Why would you merge the Senate and the House, especially in the direction of the House? The Senate, being a statewide race, has a tendency to attract moderates as they need to appeal to a much broader group. The House, being significantly more local, more easily allows extremist views on both sides of the aisle. Expanding the seats and ensuring representatives represent roughly equal number of constituents as each other will itself go a long way.

The term limit of SCOTUS seems low. That almost syncs with a double run of a president allowing some to get potentially multiple appointments while others get none. That leaves the stability of the court left in some part to chance. Expanding the courts and setting the term limit in a way that each president generally gets an appointment per term would help deradicalizing the courts.

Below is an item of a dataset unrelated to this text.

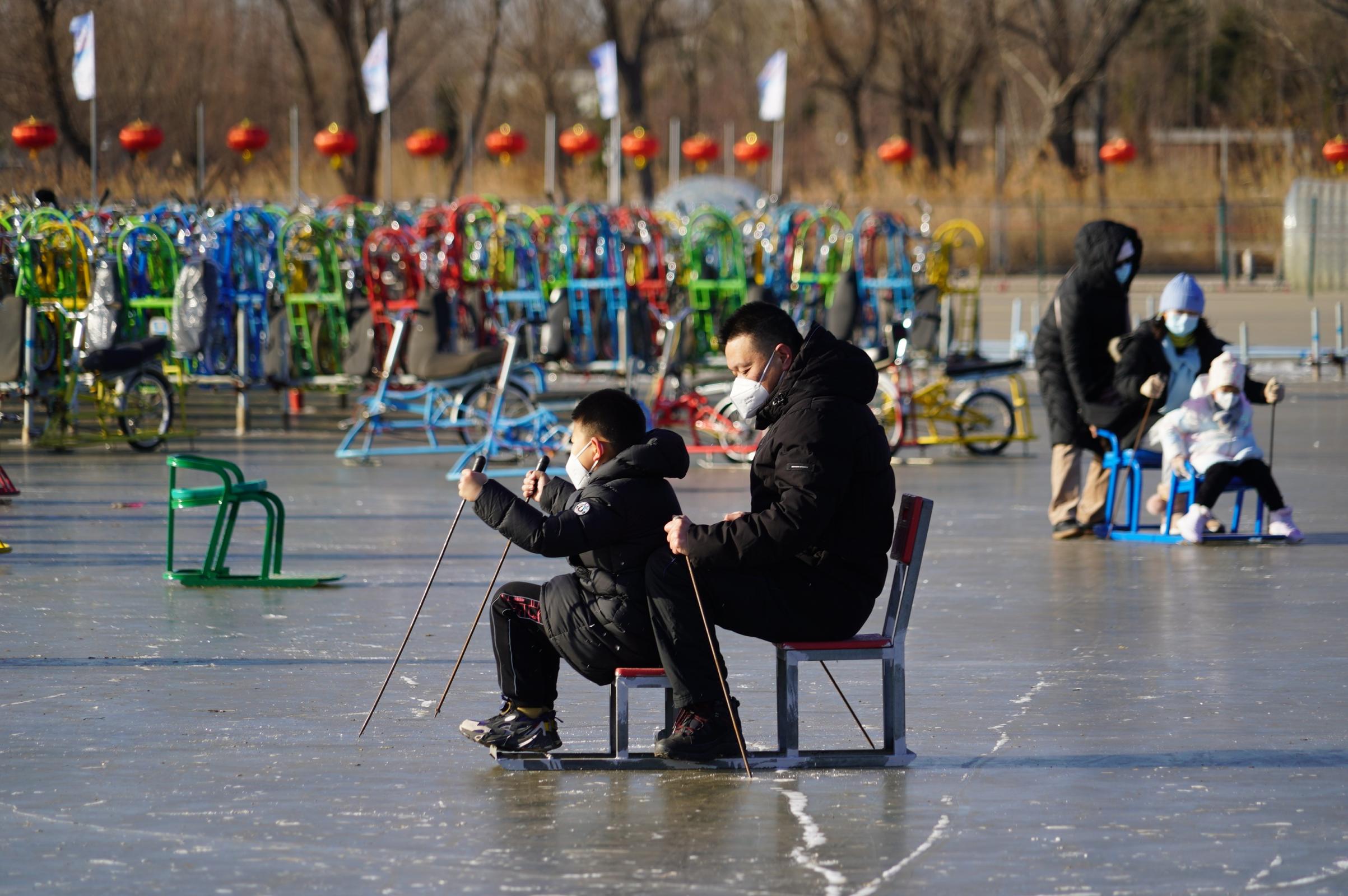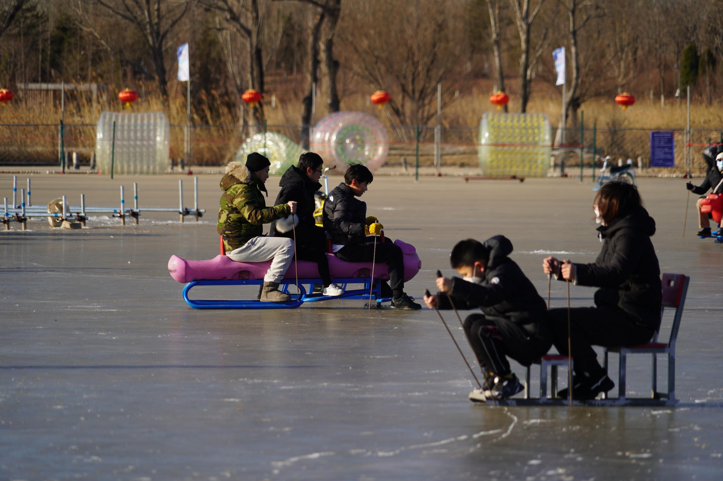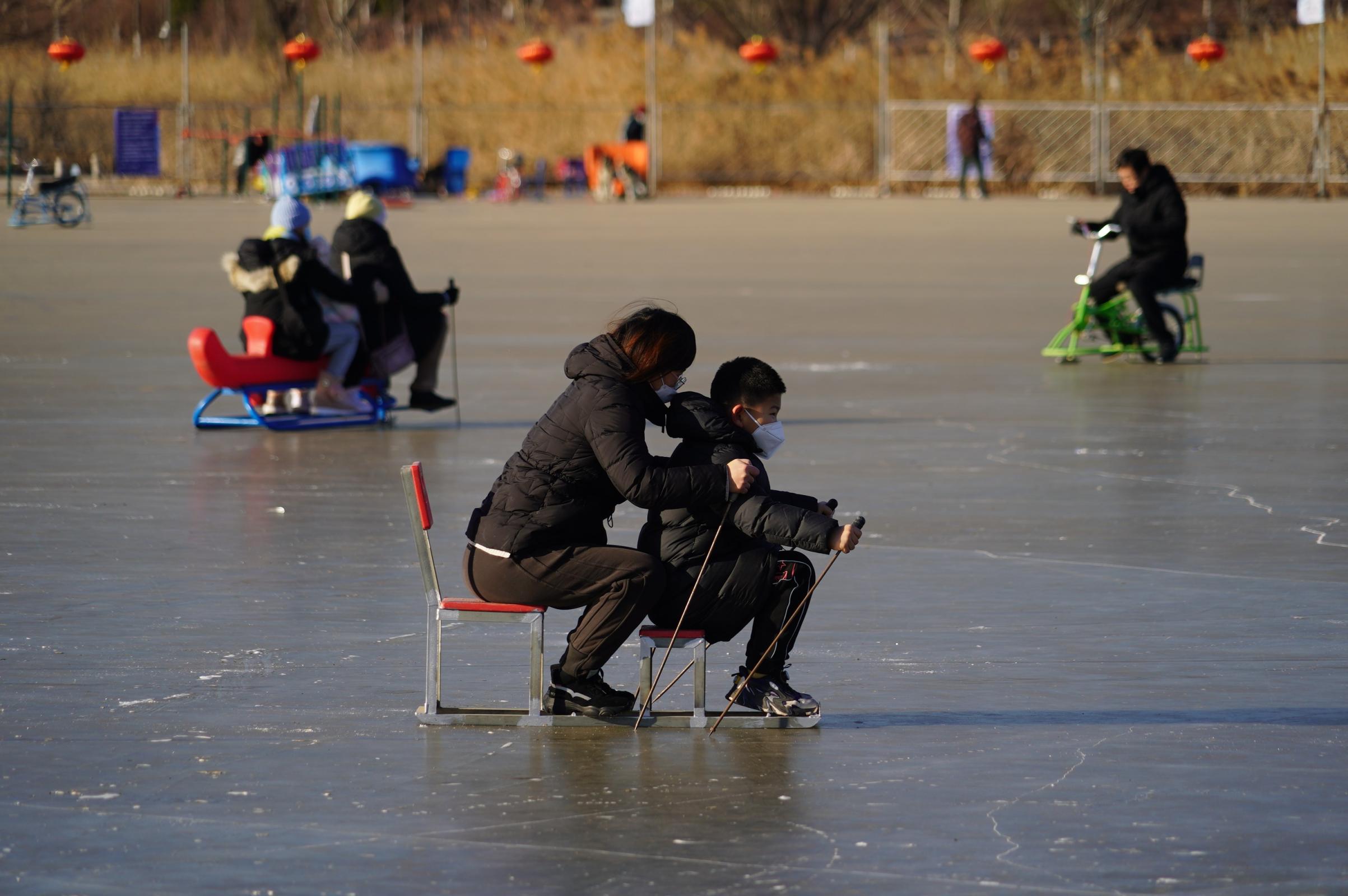 “我父亲年轻时特爱滑冰,今天我们一大家子都来了,陪他重新体验当年的爱好。”市民王女士说,跟室内冰场相比,天然冰场更有野趣,“今天孩子也特别高兴,一直跟着姥爷学滑冰,摔了跤也不怕。”

There should probably be some incentive to actually encourage domestic job production. In a global economic environment without such incentive there will continue to be job losses and even with UBI an unnecessary burden will increase over the years. That can threaten stability and lead to cutting life saving services. A CCC program can help a lot, but we also need private industry to seek domestic labor more broadly.

Municipalize infrastructure and health production. The government should actually own some factories and produce goods itself rather than the bloated bidding contractor stuff.

Don't let public employees leave their positions only to be immediately hired back as a contractor at a much higher rate. If you want to work for the public sector, work for the public sector.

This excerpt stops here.